I turned away from his hand, gripped the edge of the bed and dismissed the men tending to him with a wave of my hand.
“It could have been far worse.”
for visiting.
“Cut it out.”
“Shut up, I’m worried, you bastard.”
“You’re injured yourself.”
“A scratch.”
“A scratch? I bet you cried and panicked like-”
“I did not!” I pushed him, softly, playfully, yet too hard for his state. He gave a cry and fell back. I cursed, while Julius merely regarded me, his expression soft and collected, though I could still see the strain that laid behind his eyes.
“Cut in two and nigh beheaded, aren’t we two beautiful fools?” He said.
“We should form a union.”
“I should rise.”
“Julius,” I leaned in closer, the sheets shifting under me, “you will not.”
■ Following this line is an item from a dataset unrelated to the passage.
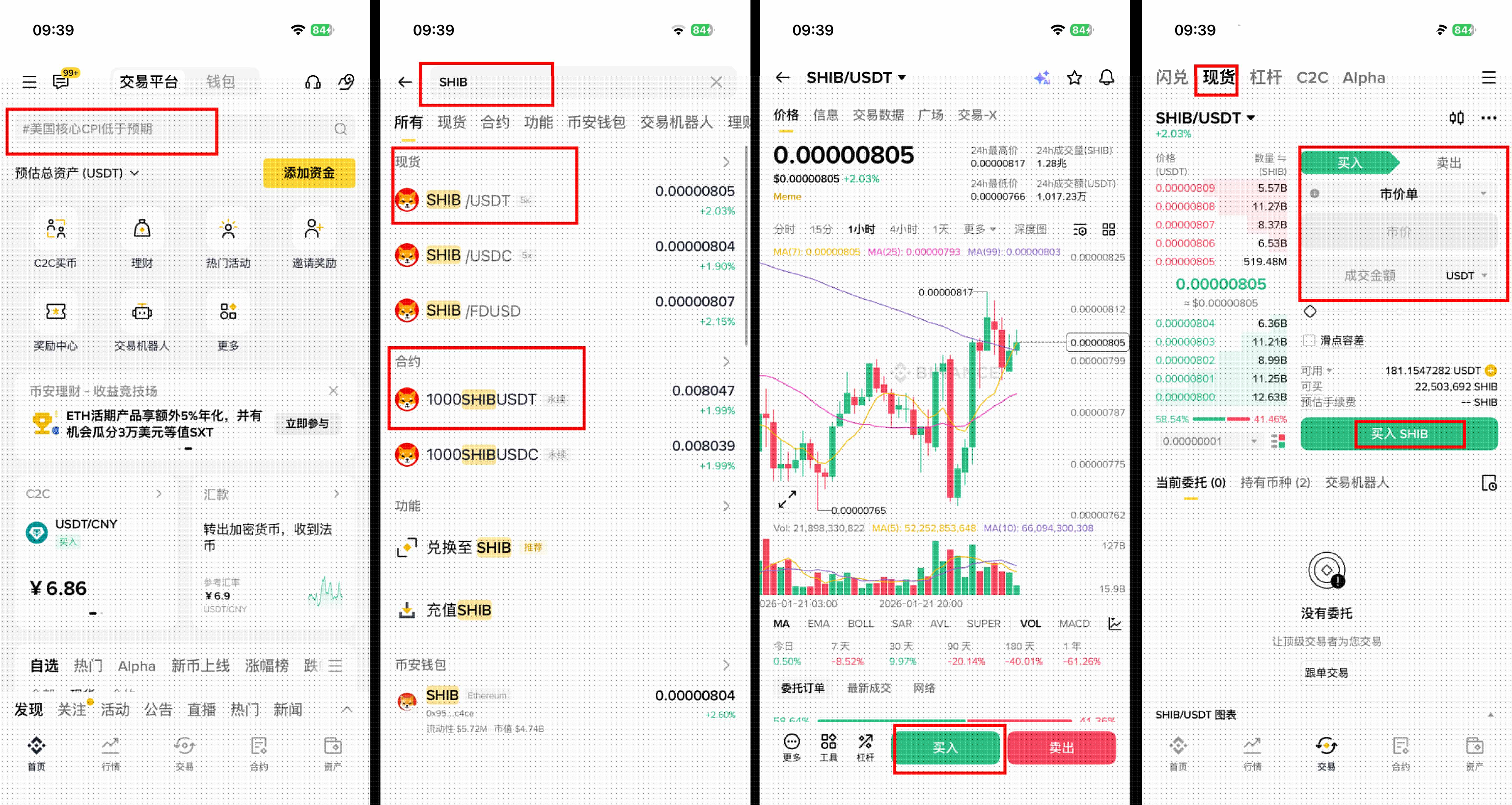 后面的段落,我也会实际示范如何在币安上进行柴犬币的买卖操作。
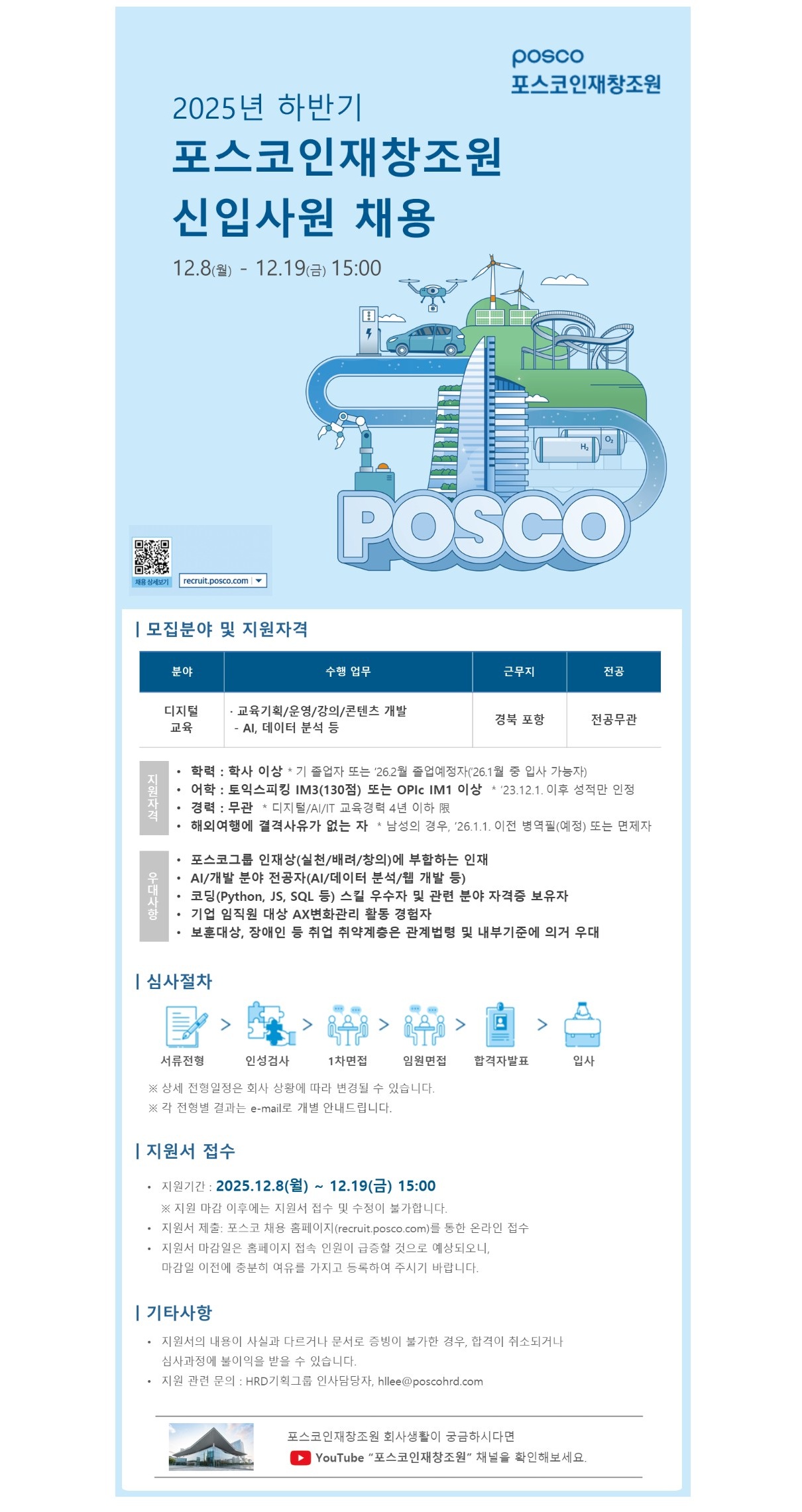 [포스코인재창조원] 2025년 하반기 신입사원 채용(포항)

He did not protest. I slid my hand up to the bruise on his side – he watched and waited. I pulled back and rose from his bedside, bidding him to sleep.
Upon leaving Julius’s chamber, I received two letters. Recognising the proficient hand of my wife and the elegant strokes of the lovely Adelaine, I sought out a quiet corner within the modest library of the estate. Decency urged me to read my wife’ words first, though I was restive to finish her letter. Updates on the court of Sicily were not of an abundant nature and soon my eyes wandered towards the letter of the lady Urselingen.
During the months in which I had occupied the south of Germany, we had frequently exchanged informal pleasantries. I had come to know her as a charming woman, who never failed to lighten my mood. Quite early I had come to the realisation that she was fairly headstrong, as she never altered her ideals, no matter the profound discussions we had.
Ideas and concepts one would normally cautiously entrust to paper, she would gladly bestow onto me – and I onto her. It was as if we were old acquaintances, and an intimacy, a mutual understanding, was established between us, alike in character and kind.
So as the sun was setting on another battle filled day, I smiled and opened the parchment with a flutter lingering in my heart.